* [WHAT YOU HAVE TO DO]: Span requested from the data below: the line with "is clear that" through the line with "La Acropolis Atenas", both included. Give only these lines again, exactly, and leave every picture out.

* [SOURCE MATERIAL]:

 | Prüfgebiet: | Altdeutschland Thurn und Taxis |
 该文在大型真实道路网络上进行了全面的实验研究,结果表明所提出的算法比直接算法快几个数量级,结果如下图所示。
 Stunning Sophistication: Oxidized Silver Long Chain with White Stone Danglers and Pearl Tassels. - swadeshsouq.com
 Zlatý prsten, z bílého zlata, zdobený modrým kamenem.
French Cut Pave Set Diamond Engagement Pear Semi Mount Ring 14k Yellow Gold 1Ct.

---

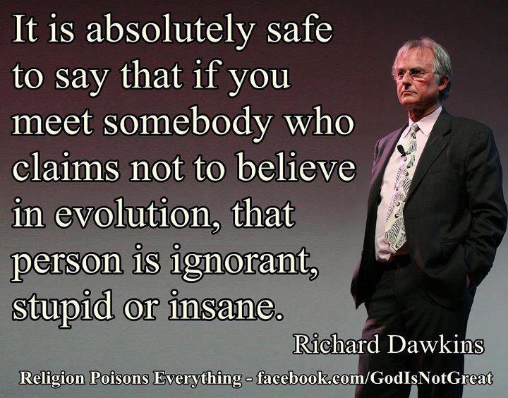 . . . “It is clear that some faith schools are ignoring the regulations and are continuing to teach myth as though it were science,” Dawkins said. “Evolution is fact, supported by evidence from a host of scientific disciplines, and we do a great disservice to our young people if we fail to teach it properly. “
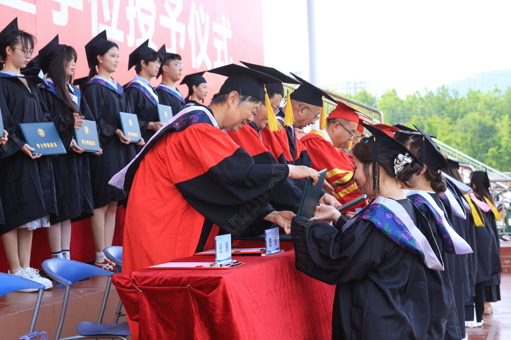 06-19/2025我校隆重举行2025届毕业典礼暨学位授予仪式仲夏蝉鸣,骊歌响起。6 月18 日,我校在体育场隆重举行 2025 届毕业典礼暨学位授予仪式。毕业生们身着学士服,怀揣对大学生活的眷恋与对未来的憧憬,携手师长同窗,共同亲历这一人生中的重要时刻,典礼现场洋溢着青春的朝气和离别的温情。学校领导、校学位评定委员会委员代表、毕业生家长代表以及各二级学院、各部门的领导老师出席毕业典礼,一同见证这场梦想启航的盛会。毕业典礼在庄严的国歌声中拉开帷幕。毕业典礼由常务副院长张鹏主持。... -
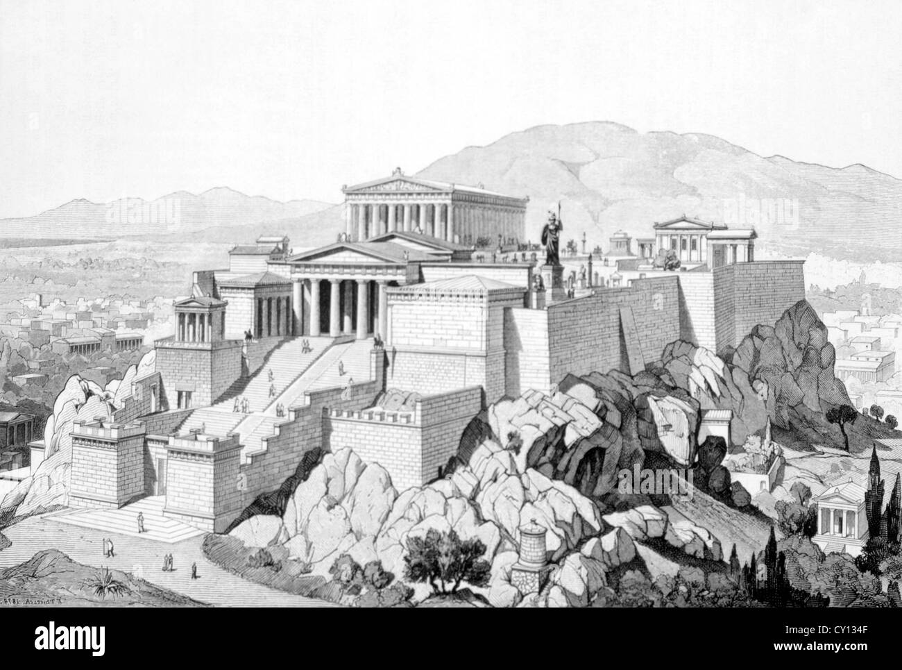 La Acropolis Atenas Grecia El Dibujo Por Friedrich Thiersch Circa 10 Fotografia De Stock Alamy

* [ANSWER FOR THE TASK]:
 . . . “It is clear that some faith schools are ignoring the regulations and are continuing to teach myth as though it were science,” Dawkins said. “Evolution is fact, supported by evidence from a host of scientific disciplines, and we do a great disservice to our young people if we fail to teach it properly. “
 06-19/2025我校隆重举行2025届毕业典礼暨学位授予仪式仲夏蝉鸣,骊歌响起。6 月18 日,我校在体育场隆重举行 2025 届毕业典礼暨学位授予仪式。毕业生们身着学士服,怀揣对大学生活的眷恋与对未来的憧憬,携手师长同窗,共同亲历这一人生中的重要时刻,典礼现场洋溢着青春的朝气和离别的温情。学校领导、校学位评定委员会委员代表、毕业生家长代表以及各二级学院、各部门的领导老师出席毕业典礼,一同见证这场梦想启航的盛会。毕业典礼在庄严的国歌声中拉开帷幕。毕业典礼由常务副院长张鹏主持。... -
 La Acropolis Atenas Grecia El Dibujo Por Friedrich Thiersch Circa 10 Fotografia De Stock Alamy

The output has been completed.